## [Aim of the exercise]
Restate word for word the entries below, starting with the line with "Набор для виски" and continuing through the line with "µ¿¾ç´ëÇб³ ¿À´Ã(5ÀÏ) ¿ÀÈÄ". Include both of those lines and no others.

(Extracted data entries)
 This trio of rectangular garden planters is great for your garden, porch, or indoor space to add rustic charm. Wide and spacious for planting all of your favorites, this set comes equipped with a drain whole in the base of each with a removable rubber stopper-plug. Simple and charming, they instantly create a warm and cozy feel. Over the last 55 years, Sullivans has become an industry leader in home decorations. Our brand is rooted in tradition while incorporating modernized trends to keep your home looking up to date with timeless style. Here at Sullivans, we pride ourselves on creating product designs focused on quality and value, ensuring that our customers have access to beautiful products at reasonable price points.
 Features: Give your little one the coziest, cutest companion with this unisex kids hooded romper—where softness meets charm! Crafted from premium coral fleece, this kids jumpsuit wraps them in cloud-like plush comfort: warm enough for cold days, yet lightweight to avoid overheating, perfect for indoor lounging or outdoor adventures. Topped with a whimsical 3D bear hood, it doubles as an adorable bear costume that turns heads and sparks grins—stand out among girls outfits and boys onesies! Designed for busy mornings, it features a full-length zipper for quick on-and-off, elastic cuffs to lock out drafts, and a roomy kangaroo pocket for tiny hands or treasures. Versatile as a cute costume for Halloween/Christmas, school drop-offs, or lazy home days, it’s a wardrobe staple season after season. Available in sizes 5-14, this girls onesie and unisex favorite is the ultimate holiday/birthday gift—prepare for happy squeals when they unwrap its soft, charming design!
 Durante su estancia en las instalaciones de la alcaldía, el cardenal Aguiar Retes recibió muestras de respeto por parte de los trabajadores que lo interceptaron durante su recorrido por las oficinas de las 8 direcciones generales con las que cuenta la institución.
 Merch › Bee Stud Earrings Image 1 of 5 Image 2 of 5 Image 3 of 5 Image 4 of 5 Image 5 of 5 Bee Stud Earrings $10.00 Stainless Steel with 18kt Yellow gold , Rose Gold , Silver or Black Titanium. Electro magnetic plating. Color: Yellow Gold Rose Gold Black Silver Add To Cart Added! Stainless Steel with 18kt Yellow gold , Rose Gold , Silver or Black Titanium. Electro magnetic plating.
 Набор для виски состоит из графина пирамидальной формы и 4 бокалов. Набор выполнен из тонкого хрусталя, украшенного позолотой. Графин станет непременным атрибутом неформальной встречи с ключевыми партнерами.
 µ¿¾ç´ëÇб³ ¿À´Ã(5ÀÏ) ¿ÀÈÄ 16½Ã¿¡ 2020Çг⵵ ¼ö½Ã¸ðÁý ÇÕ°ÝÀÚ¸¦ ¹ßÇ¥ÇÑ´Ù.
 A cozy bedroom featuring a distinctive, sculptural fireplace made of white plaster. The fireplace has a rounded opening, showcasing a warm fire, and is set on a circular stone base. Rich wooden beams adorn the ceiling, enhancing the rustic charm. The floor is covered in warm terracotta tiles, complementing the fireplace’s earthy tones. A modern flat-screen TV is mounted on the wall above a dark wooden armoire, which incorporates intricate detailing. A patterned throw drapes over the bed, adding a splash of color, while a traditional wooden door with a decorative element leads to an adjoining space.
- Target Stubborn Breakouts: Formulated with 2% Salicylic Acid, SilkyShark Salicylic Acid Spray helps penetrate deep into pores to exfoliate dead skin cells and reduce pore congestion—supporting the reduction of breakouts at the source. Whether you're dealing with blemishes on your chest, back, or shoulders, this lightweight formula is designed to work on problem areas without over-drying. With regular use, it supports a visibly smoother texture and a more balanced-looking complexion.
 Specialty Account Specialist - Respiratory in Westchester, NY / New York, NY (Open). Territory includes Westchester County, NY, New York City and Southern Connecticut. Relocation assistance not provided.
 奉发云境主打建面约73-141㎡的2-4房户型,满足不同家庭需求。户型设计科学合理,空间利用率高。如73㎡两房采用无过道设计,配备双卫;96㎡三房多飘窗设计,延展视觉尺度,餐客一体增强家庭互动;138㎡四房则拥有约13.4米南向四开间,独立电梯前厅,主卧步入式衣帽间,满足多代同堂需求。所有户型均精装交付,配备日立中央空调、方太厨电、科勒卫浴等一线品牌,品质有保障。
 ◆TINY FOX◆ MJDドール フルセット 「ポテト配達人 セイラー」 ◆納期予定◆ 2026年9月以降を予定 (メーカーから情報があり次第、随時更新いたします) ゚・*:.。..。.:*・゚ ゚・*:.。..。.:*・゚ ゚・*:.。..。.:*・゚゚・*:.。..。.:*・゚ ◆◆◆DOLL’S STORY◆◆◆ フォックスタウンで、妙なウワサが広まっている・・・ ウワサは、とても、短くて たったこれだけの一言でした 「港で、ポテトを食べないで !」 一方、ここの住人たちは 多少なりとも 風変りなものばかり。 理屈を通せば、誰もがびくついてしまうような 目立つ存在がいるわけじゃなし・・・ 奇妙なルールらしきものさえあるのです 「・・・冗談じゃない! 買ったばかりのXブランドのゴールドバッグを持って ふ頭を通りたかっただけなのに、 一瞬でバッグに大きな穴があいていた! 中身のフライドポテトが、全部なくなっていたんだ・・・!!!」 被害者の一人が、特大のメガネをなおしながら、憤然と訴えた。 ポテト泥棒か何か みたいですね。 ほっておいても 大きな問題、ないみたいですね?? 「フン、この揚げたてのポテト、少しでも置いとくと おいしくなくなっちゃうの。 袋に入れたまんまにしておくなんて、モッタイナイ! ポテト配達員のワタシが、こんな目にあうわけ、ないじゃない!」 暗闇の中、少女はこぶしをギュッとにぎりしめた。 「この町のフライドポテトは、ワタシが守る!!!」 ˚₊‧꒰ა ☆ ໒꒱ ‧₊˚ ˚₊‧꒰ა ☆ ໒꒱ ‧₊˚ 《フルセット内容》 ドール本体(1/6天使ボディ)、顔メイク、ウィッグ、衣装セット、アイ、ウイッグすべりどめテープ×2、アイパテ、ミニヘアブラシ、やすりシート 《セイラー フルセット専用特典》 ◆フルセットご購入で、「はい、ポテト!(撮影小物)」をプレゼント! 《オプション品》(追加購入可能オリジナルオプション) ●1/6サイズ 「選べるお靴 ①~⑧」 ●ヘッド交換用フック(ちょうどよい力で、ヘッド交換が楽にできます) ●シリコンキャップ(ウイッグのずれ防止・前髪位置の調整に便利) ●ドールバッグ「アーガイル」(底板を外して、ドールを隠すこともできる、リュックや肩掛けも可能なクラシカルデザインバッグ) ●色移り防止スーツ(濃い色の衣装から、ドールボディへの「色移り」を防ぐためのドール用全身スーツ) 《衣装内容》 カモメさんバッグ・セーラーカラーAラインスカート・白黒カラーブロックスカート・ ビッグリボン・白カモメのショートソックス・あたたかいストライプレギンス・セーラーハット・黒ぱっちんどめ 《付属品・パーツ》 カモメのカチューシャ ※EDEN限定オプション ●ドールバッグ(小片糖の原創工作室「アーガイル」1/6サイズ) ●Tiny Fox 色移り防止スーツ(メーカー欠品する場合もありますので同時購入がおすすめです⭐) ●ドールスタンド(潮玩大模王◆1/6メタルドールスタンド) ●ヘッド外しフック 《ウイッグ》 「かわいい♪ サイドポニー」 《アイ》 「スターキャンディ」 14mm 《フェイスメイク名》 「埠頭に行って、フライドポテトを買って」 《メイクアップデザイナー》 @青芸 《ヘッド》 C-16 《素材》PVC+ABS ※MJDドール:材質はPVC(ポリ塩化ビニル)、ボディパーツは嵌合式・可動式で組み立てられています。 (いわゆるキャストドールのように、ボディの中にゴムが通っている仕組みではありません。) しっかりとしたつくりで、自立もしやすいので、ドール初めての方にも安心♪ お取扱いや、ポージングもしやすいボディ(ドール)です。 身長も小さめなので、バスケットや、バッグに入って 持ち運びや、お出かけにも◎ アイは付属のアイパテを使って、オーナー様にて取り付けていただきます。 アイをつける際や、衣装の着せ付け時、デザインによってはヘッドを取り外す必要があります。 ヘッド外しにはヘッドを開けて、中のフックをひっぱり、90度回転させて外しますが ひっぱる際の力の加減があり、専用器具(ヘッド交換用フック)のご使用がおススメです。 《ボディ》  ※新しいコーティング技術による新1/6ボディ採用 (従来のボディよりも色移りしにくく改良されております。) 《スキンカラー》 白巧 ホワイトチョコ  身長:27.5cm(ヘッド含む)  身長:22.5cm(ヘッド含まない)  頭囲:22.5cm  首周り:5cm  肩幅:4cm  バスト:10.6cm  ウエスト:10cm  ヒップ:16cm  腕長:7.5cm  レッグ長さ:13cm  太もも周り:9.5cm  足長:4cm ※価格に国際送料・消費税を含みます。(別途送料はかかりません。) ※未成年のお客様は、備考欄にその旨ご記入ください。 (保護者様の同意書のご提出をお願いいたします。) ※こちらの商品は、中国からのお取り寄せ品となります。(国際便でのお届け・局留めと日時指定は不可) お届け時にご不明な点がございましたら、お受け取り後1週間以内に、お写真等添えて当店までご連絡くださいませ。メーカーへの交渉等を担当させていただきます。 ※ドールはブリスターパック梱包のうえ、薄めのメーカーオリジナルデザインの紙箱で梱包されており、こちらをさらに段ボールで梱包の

## [Reply to the task]
 Набор для виски состоит из графина пирамидальной формы и 4 бокалов. Набор выполнен из тонкого хрусталя, украшенного позолотой. Графин станет непременным атрибутом неформальной встречи с ключевыми партнерами.
 µ¿¾ç´ëÇб³ ¿À´Ã(5ÀÏ) ¿ÀÈÄ 16½Ã¿¡ 2020Çг⵵ ¼ö½Ã¸ðÁý ÇÕ°ÝÀÚ¸¦ ¹ßÇ¥ÇÑ´Ù.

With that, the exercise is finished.